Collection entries
%%

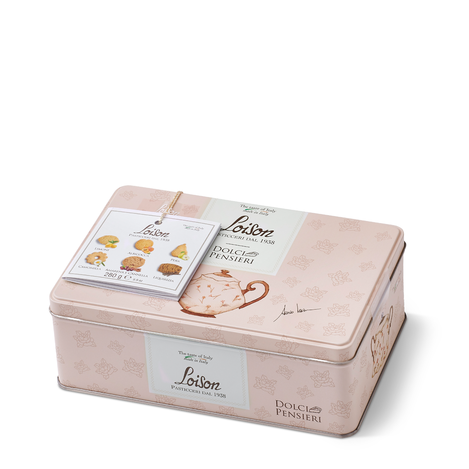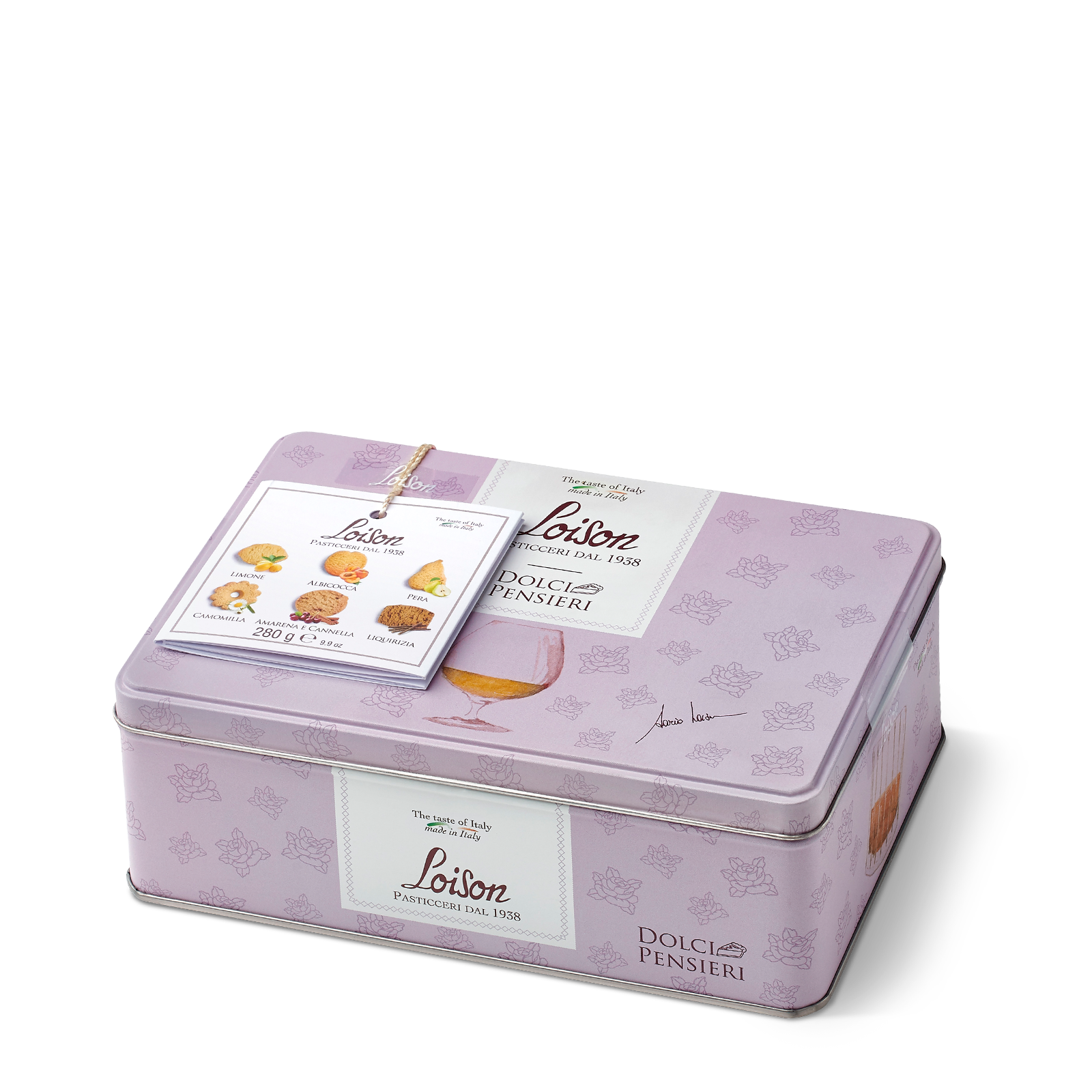 Piškoti z okusom limone, marelice, hruške, kamilice, sladkega korena in višnje s cimetom v pločevinki so majhne in edinstvene ročno izdelane dobrote, pripravljene po tradicionalnih recepturah in iz izbranih vrhunskih sestavin. Med njimi najdemo sveže maslo, kalabrijski sladki koren, rimsko kamilico, sicilijanske limone ter vaniljo Mananara z Madagaskarja, zaščiteno z oznako Slow Food presidium.
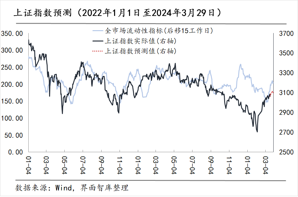 对于3月下半月(3月20日至3月29日)的走势,我们以重置后全市场流动性指数后移15个交易日作为上证指数变动预测的依据,可以看到后移的流动性指数与上证指数的吻合度相对较高。
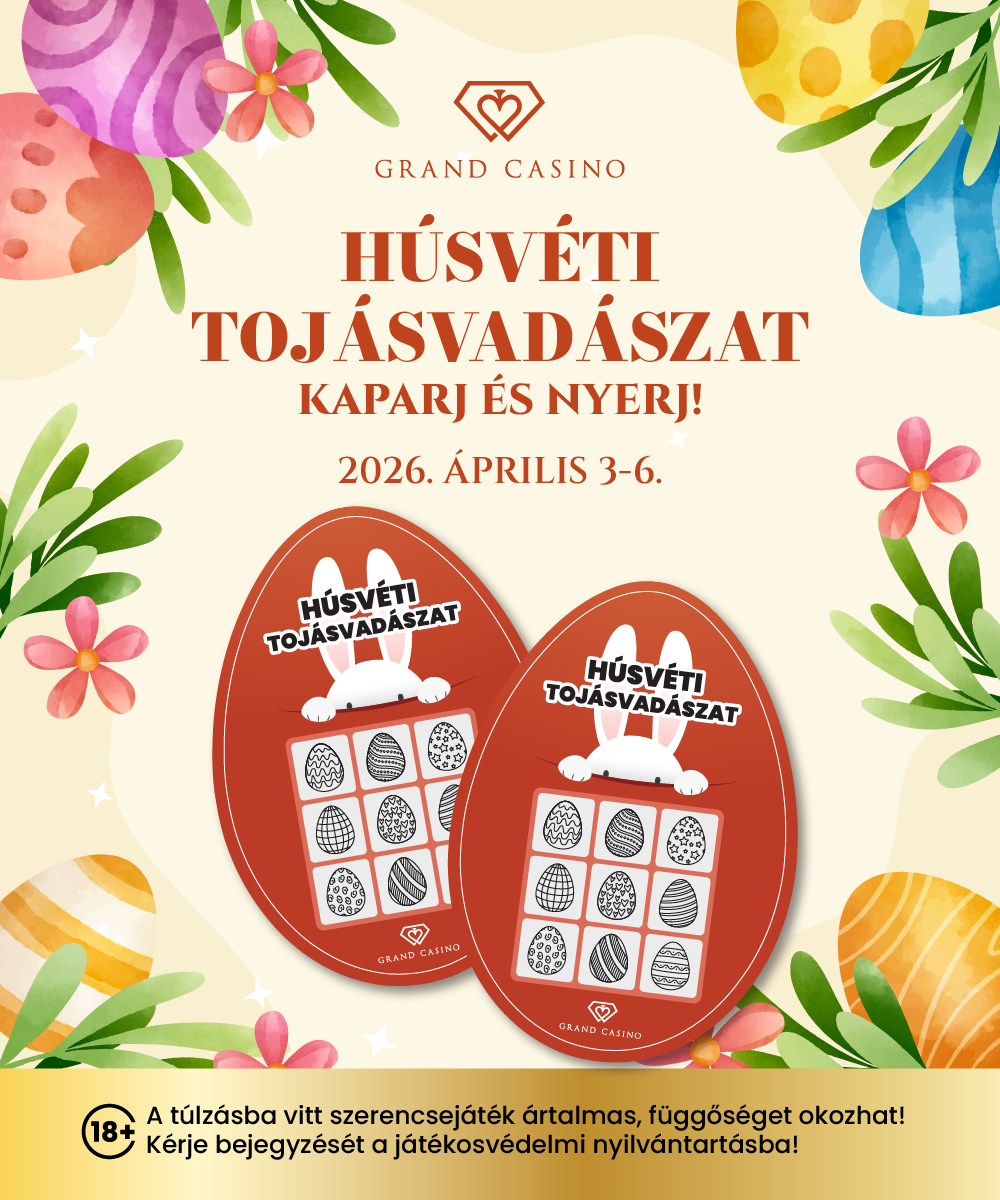 Promóció időtartama: Április 3-6.A túlzásba vitt szerencsejáték ártalmas, függőséget okozhat! Kérje bejegyzését a játékosvédelmi nyilvántartásba!
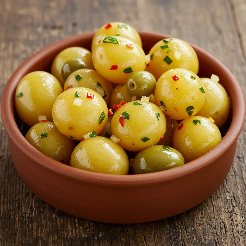 Deliciosas batatas bolinha em conserva, com um toque especial de chimichurri. Uma entrada perfeita para acompanhar carnes e queijos, ou um petisco saboroso para qualquer ocasião. Ideal para preparar com antecedência e surpreender seus convidados.
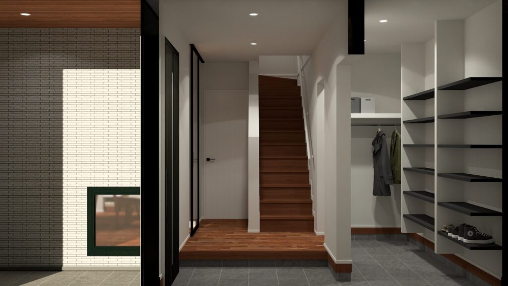 “玄関〜土間収納〜パントリー〜キッチン”と直結するウォークスルー動線を採用しました。
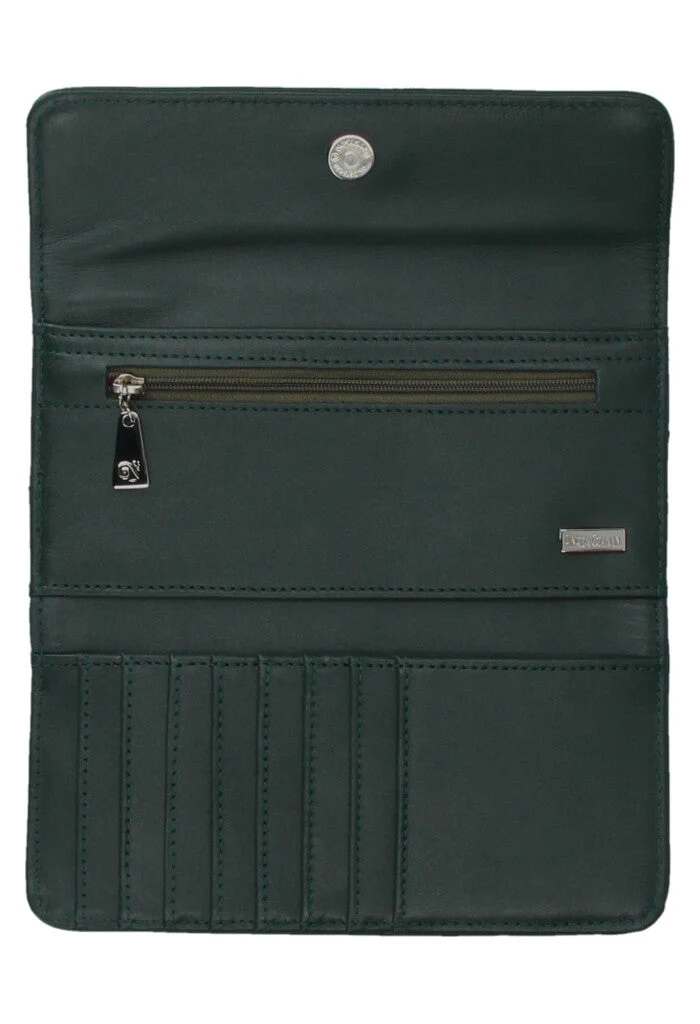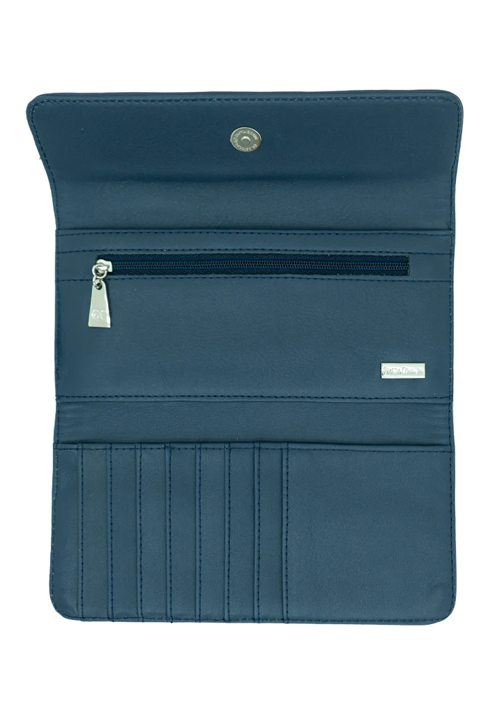 Cartera con compartimentos para billetes y tarjetas. Cuenta con cierre para almacenar monedas.
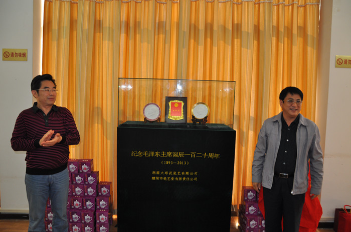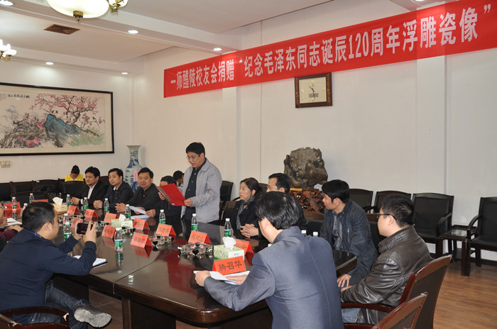 捐赠仪式上,醴陵校友会会长黄科云发表了饱含真情的致辞。他说:母校群星灿烂,名人辈出,深以为傲。一代伟人毛泽东在此求学、工作八个春秋,立下了解放和振兴中华民族之志。历届一师学子沐浴母校师恩,受惠终身。此次捐赠“纪念毛泽东主席诞辰120周年浮雕瓷像”等醴瓷珍品,就是想表达对一代伟人以及母校的怀念与敬仰。
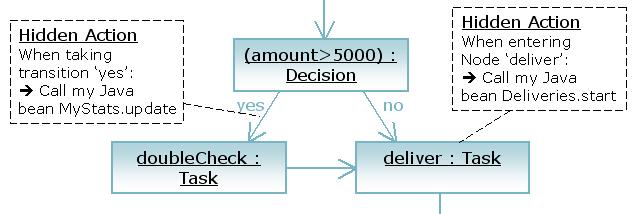 The transition will pass on the execution to the decision node and invoke the execute method. Let's assume the decision's execute implementation performs a calculation and decides to propagate the execution by sending the 'yes'-event to the execution. That will cause the execution to continue over the 'yes' transition and the execution will arrive in the task 'doubleCheck'.
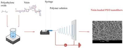 Nisin-loaded polyethylene oxide (PEO) nanofibers with antibacterial activity against Staphylococcus aureus and Bacillus subtilis were developed via green electrospinning.

%%

> _What to do_
Reproduce only the lines of the records from the start up to and including the line that holds "捐赠仪式上,醴陵校友会会长黄"; do not carry over any picture.

> _Exercise output_
 Piškoti z okusom limone, marelice, hruške, kamilice, sladkega korena in višnje s cimetom v pločevinki so majhne in edinstvene ročno izdelane dobrote, pripravljene po tradicionalnih recepturah in iz izbranih vrhunskih sestavin. Med njimi najdemo sveže maslo, kalabrijski sladki koren, rimsko kamilico, sicilijanske limone ter vaniljo Mananara z Madagaskarja, zaščiteno z oznako Slow Food presidium.
 对于3月下半月(3月20日至3月29日)的走势,我们以重置后全市场流动性指数后移15个交易日作为上证指数变动预测的依据,可以看到后移的流动性指数与上证指数的吻合度相对较高。
 Promóció időtartama: Április 3-6.A túlzásba vitt szerencsejáték ártalmas, függőséget okozhat! Kérje bejegyzését a játékosvédelmi nyilvántartásba!
 Deliciosas batatas bolinha em conserva, com um toque especial de chimichurri. Uma entrada perfeita para acompanhar carnes e queijos, ou um petisco saboroso para qualquer ocasião. Ideal para preparar com antecedência e surpreender seus convidados.
 “玄関〜土間収納〜パントリー〜キッチン”と直結するウォークスルー動線を採用しました。
 Cartera con compartimentos para billetes y tarjetas. Cuenta con cierre para almacenar monedas.
 捐赠仪式上,醴陵校友会会长黄科云发表了饱含真情的致辞。他说:母校群星灿烂,名人辈出,深以为傲。一代伟人毛泽东在此求学、工作八个春秋,立下了解放和振兴中华民族之志。历届一师学子沐浴母校师恩,受惠终身。此次捐赠“纪念毛泽东主席诞辰120周年浮雕瓷像”等醴瓷珍品,就是想表达对一代伟人以及母校的怀念与敬仰。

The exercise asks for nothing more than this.